California’s Minimum Wage to Increase: 5 Things Employers Need to Know

By Corina Johnson and Lonnie D. Giamela © Fisher Phillips August 16, 2023

​If you're a California employer just getting used to a $15.50 minimum wage, get ready for more changes. You must now prepare for another increase as the state just announced a $16.00 hourly minimum wage for all employers effective Jan. 1, 2024.

The Director of California's Department of Finance published a letter on July 31, stating that the minimum wage needed to rise by 3.5 percent to account for an inflation adjustment effective the beginning of next year. What are the five things employers need to know about this impending change – and what can you expect in the coming months?

California law mandates that the minimum wage be increased when certain inflation-related events occur. Specifically, California Labor Code section 1182.12 delegates authority to the Director of Finance to annually determine and certify to the governor and state legislature whether an adjustment to the minimum wage is appropriate.

This year, the Department of Finance calculated that the Consumer Price Index for urban wage earners and clerical workers increased by more than 6 percent from July 1, 2022, to June 30, 2023, as compared to the previous 12-month period. Thus, the agency determined that a minimum wage increase of 3.5 percent must be implemented.

The current minimum wage rate for all employers (including both employers with 25 or fewer employees and those with 26 or more employees) is $15.50. As a result of this inflation-related minimum wage increase, the minimum wage rate for all employers with California employees will increase from $15.50 to $16.

5 Things You Need to Know

The minimum wage increase not only impacts those workers who make minimum wage.

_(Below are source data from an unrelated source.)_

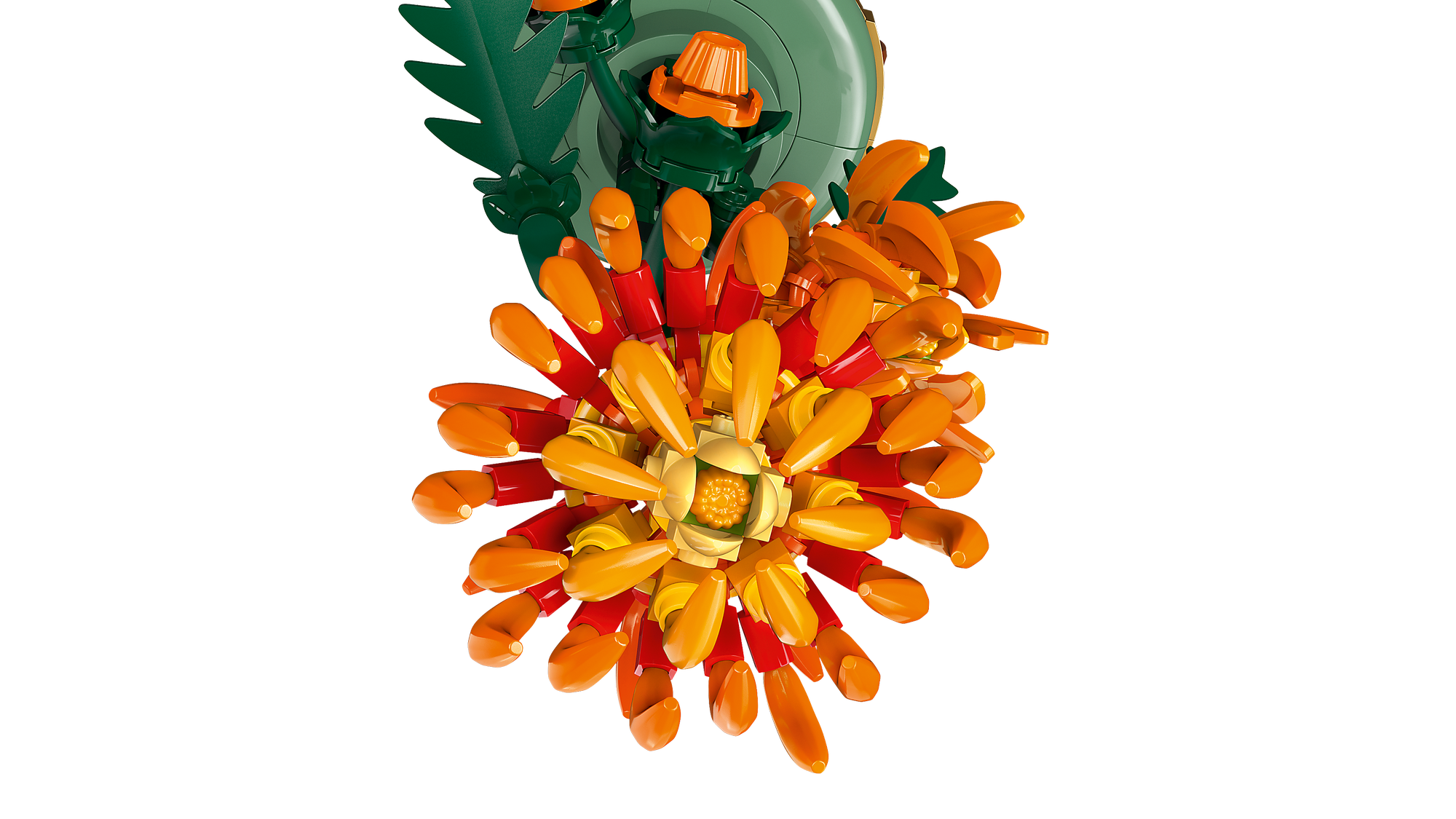 Blomstrende knopper – LEGO® Icons Krysantemum med poserbare blade og kronblade indfanger den flotte orange blomst i forskellige stadier, nemlig 1 i fuldt flor, 1 blomstrende og 2 i knop
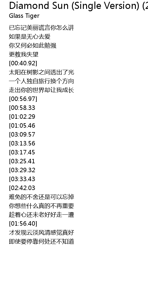 | [03:41.29][03:09.57][02:09.79][01:09.92] | Sunshine ba you shang diu zai yi bian |
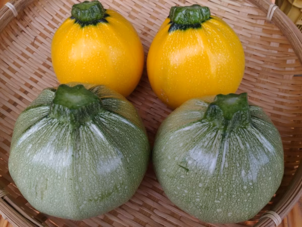 こちらの商品では、丸い形のズッキーニを、緑色(オリーブ)と黄色(ジャッロ)の2色をセットにしてお届けします。
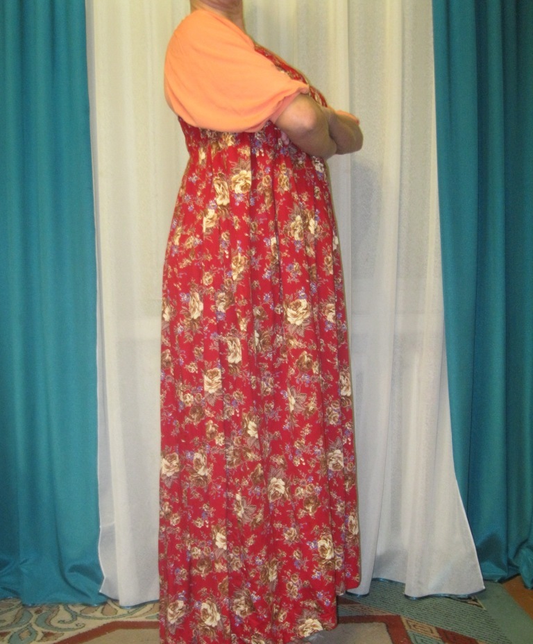 Тамарочка, спасибо, сосед хороший, молодой пацан 25 лет, исполнял все мои просьбы по фотографированию, "лик" кажется на месте, но он не должен отвлекать от сарафана. Точно, сарафан похож на Цветочную сказку, у меня есть чёрный вариант ея. Ткань сарафана - венгерский штапель.

The California white collar exemption minimum annual salary will increase to $66,560 per year, or $5,546.57 per month. You will need to audit employees classified under one of these exemptions to determine whether both the duties and salary satisfy the exemption's requirements.

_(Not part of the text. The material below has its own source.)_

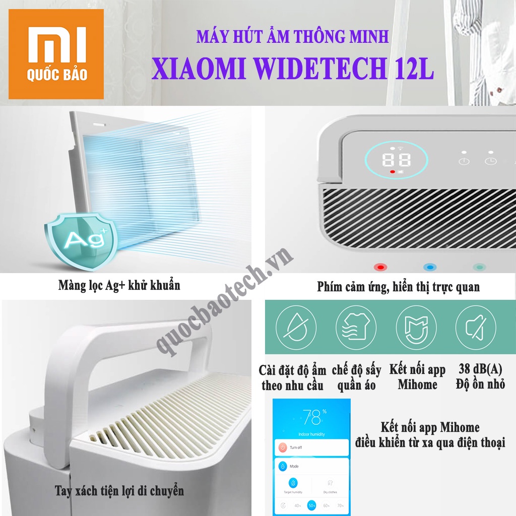 Máy hút ẩm thông minh Xiaomi New Widetech 12L, 18L - kết nối App Mihome Thông số sản phẩm: Model: New Widetech 12L Kết nối Mihome Hiệu điện thế định mức: 220V Tần số: 50Hz Công suất định mức: 165W Độ hút ẩm định mức: (ở môi trường 30 độ C và độ ẩm 80%) 12L / ngày Độ hút ẩm (20 ℃ và độ ẩm 60%) 0.4kg / giờ Điều chỉnh độ ẩm: Rh40%, rh50%, rh60% Độ ồn: 38 db (A) Dung tích bể chứa nước: 2.2L Thời gian hẹn giờ: 12 giờ (Chỉ APP) Khu vực ứng dụng: 5-25m2 Vật liệu vỏ: Nhựa ABS Màu sắc: Trắng Cân nặng: 9.7Kg Kích thước: 305 x 467 x194mm ---------------------------------------------------------------- Model: New Widetech 18L Tần số: 50Hz Công suất: 240W Độ ẩm định mức (30oC80%): 18L / ngày Độ ẩm danh nghĩa (20 ℃ RH60%): 0.4kg / h Điều chỉnh độ ẩm: Rh40%, rh50%, rh60% Độ ồn: 38 db (A) Dung tích bình chứa nước: 2.7L Thời gian 24 giờ (Chỉ APP) Khu vực sử dụng: 5-40 m2 Chất liệu: Nhựa ABS Màu sắc: Trắng Cân nặng: 11.3 kg Kích thước: 334 x 220 x 470 mm Không khí ẩm gây nên các mùi hôi ẩm mốc khó chịu, lâu dần làm ảnh hưởng đến đồ dùng nội thất trong nhà cũng như tác động nghiêm trọng đến tình trạng sức khỏe của cả gia đình. Máy hút ẩm thông minh NEW WIDETECH chính là giải pháp thiết thực nhất mà bạn cần đầu tư cho ngôi nhà của mình để có thể khắc phục hiệu quả các vấn đề trên một cách nhanh chóng, từ đó mang đến bầu không khí khô ráo và thoáng đãng hơn cho gia đình Ưu điểm của máy - Hút ẩm công suất cao, nhanh chóng làm khô mặt sàn - Có thể dùng để sấy quần áo - Có bộ lọc Ag+ giúp kháng khuẩn và diệt khuẩn trong không khí - Độ ồn cực thấp, chỉ 38db và gần như không có tiếng kêu của máy - Có thể kết nối wifi với ứng dụng Mihome để điều khiển từ xa . Máy hút ẩm thông minh NEW WIDETECH với khả năng kiểm soát chính xác và hút ẩm liên tục giúp ngăn ngừa tình trạng ẩm ướt hiệu quả, đồng thời giữ cho không gian luôn được khô ráo và thoáng đãng, đặc biệt là ức chế sự phát sinh của vi khuẩn nấm mốc gây mùi, từ đó mang lại bầu không khí tươi mát cho cả gia đình. Bên cạnh đó, sản phẩm còn được trang bị một loạt các chế độ điều chỉnh độ ẩm để duy trì độ ẩm lành lạnh, thoải mái trong tất cả các mùa, đáp ứng mọi nhu cầu sử dụng độ ẩm khác nhau của người dùng. Ngoài ra, thiết bị còn có thể được sử dụng ngay cả trong môi trường có nhiệt độ thấp ≥ 5°C. Xiaomi Quốc Bảo Đà Nẵng- Hotline: 0934 950 011 Showroom: 240 Lê Văn Hiến, P Khuê Mỹ, Q Ngũ Hành Sơn, TP Đà Nẵng #mayhutamxiaomi #mayhutam #newwidetech #hutamxiaomi #hutamnewwidetech
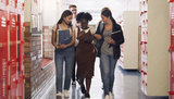 Teen, group and walking in hallway of school, shock and surprise with news in phone, student and smile. Highschool, girls and reading of message or text on mobile, kids and invitation to prom

The California minimum wage for employees who are required to provide and maintain hand tools and equipment customarily required by the trade or craft will increase from $31 per hour to $32 per hour. This will impact employees in various trades to technicians in automobile dealerships who are required to provide their own tools.

The minimum annual compensation for employees who qualify for the inside sales exemption from overtime will increase from $48,360 to $49,920.

You will need to adjust your split-shift premium calculations since they will be impacted by the increased minimum wage. The same is true for rates of pay for meal period premiums, rest period premiums, paid sick leave, and other related items.

Small businesses are provided no relief or grace period under the law. This change will impact all employers across the state.

What’s Next

Over the coming months, you should pay attention to updates related to this increase since you are likely to see other ramifications to follow:

  • You should expect an announcement in October 2023 that increases the minimum compensation for the computer professional exemption from overtime.
  • You must also continue to monitor a series of local ordinances that establish minimum wages, higher than the state's minimum wage. For example, the minimum wage in Los Angeles increased last month to $16.78 per hour.